African Americans in El Paso

African Americans in El Paso
Author :
Publisher : Arcadia Publishing
Total Pages : 128
Release :
ISBN-10 : 9781467131773
ISBN-13 : 1467131776
Rating : 4/5 (73 Downloads)

Book Synopsis African Americans in El Paso by : Maceo Crenshaw Dailey Jr., Kathryn Smith-McGlynn, and Cecilia Gutierrez Venable

Download or read book African Americans in El Paso written by Maceo Crenshaw Dailey Jr., Kathryn Smith-McGlynn, and Cecilia Gutierrez Venable and published by Arcadia Publishing. This book was released on 2014 with total page 128 pages. Available in PDF, EPUB and Kindle. Book excerpt: El Paso's African American community can trace its origins back to the 16th century, when the black Moor known as Esteban roamed the southwest and, more significantly, those Africans in the party of conquistador Juan de Oñate crossed the Rio Grande in 1598. The modern El Paso African American community began to take shape in the 1880s, as the railroad industry, military establishment, and agricultural community all had black Americans in their ranks. Black leaders and their followers established a school and founded several significant black churches. Texas's first state branch of the National Association for the Advancement of Colored People is recorded to have been formed in El Paso; the first major court cases that challenged the all-white Democratic primary came from this city; the Texas Western College basketball team won the NCAA championship in 1966 with five starting black players; and today, the city is inhabited by black military retirees, entrepreneurs, educators, and other professionals (each with vibrant and socially conscious organizations), making it a progressive model of community development.
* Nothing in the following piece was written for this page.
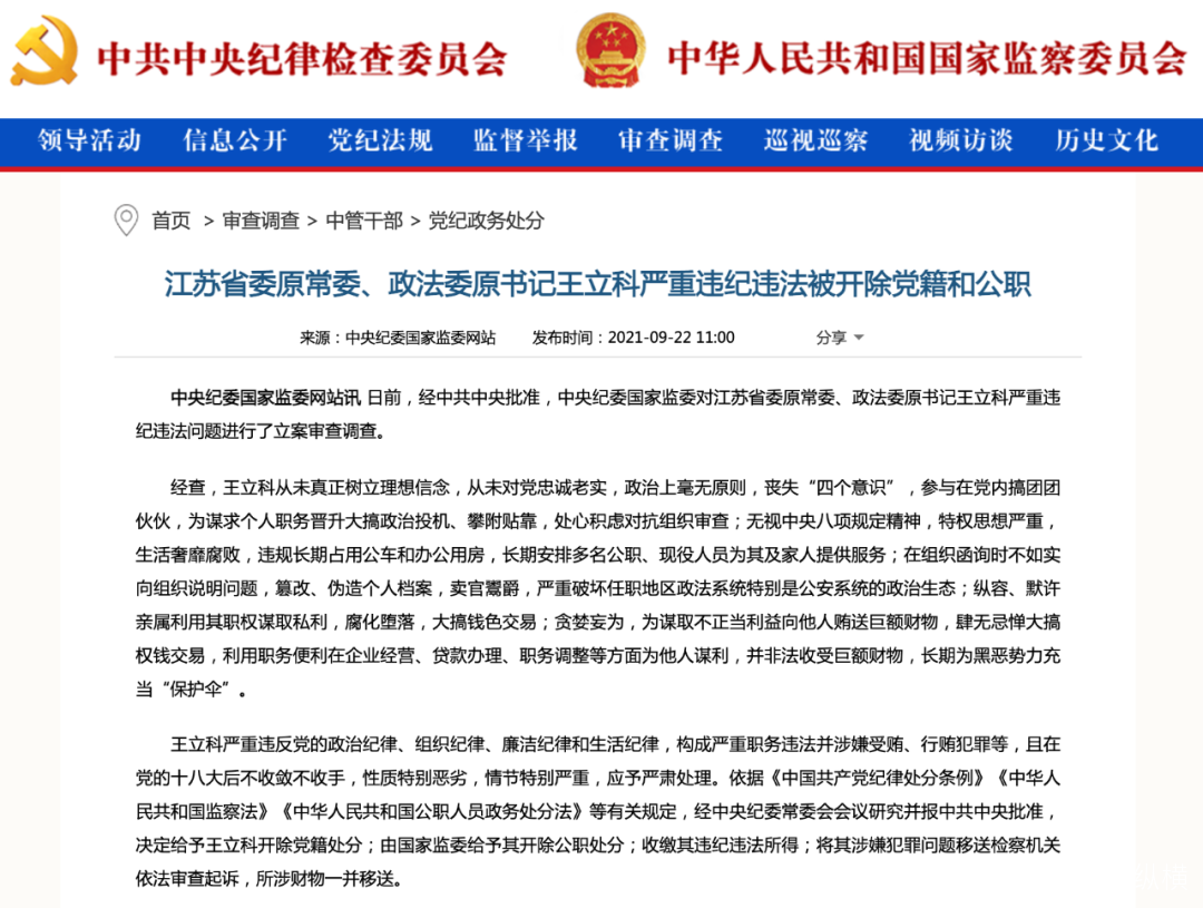 (2021年9月22日,去年10月主動投案的江蘇省委原常委、政法委書記被開除黨籍公職)
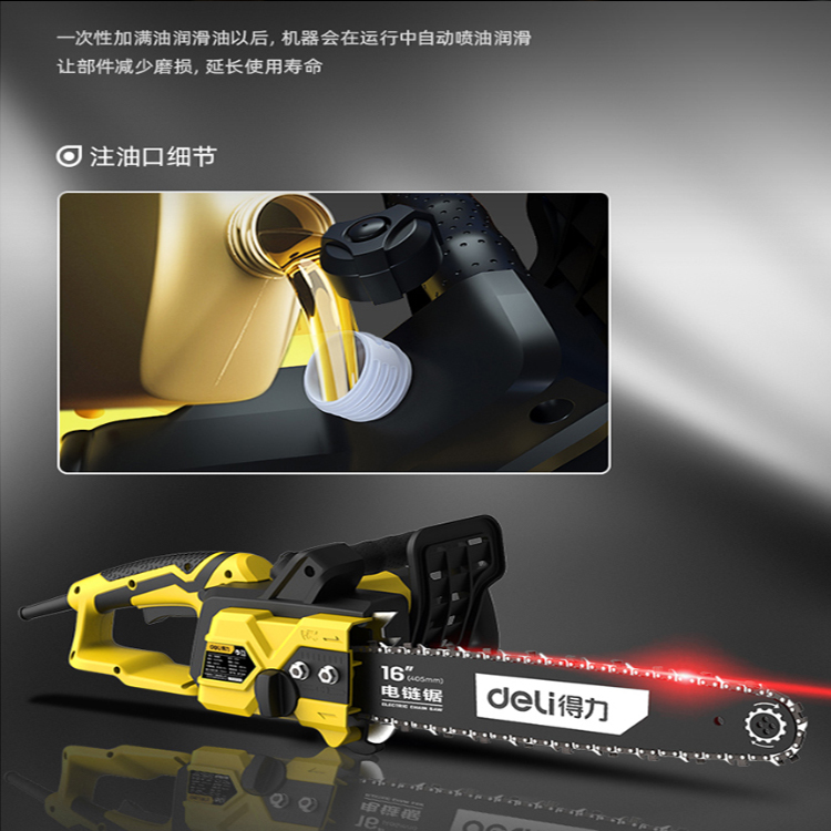 得力(deli) 大功率家用電鏈鋸自動供油,持久潤滑。

African Americans in El Paso Related Books

African Americans in El Paso
Language: en
Pages: 128
Authors: Maceo Crenshaw Dailey, Jr
Categories: History
Type: BOOK - Published: 2014-09-29 - Publisher: Arcadia Publishing

DOWNLOAD EBOOK

El Paso’s African American community can trace its origins back to the 16th century, when the black Moor known as Esteban roamed the southwest and, more signi
African Americans in El Paso
Language: en
Pages: 128
Authors: Maceo Crenshaw Dailey Jr., Kathryn Smith-McGlynn, and Cecilia Gutierrez Venable
Categories: History
Type: BOOK - Published: 2014 - Publisher: Arcadia Publishing

DOWNLOAD EBOOK

El Paso's African American community can trace its origins back to the 16th century, when the black Moor known as Esteban roamed the southwest and, more signifi
Civil Rights in the Texas Borderlands
Language: en
Pages: 201
Authors: Will Guzman
Categories: Political Science
Type: BOOK - Published: 2015-01-30 - Publisher: University of Illinois Press

DOWNLOAD EBOOK

In 1907, physician Lawrence A. Nixon fled the racial violence of central Texas to settle in the border town of El Paso. There he became a community and civil ri
Civil Rights in Black and Brown
Language: en
Pages: 484
Authors: Max Krochmal
Categories: History
Type: BOOK - Published: 2021-11-09 - Publisher: University of Texas Press

DOWNLOAD EBOOK

Not one but two civil rights movements flourished in mid-twentieth century Texas, and they did so in intimate conversation with one another. Far from the gaze o
Black Soldiers in Jim Crow Texas, 1899-1917
Language: en
Pages: 260
Authors: Garna L. Christian
Categories: History
Type: BOOK - Published: 1995 - Publisher: Texas A&M University Press

DOWNLOAD EBOOK

Chronicles the experiences of African-American soldiers serving in the United States Army in racially-segregated Texas from 1899 to 1914.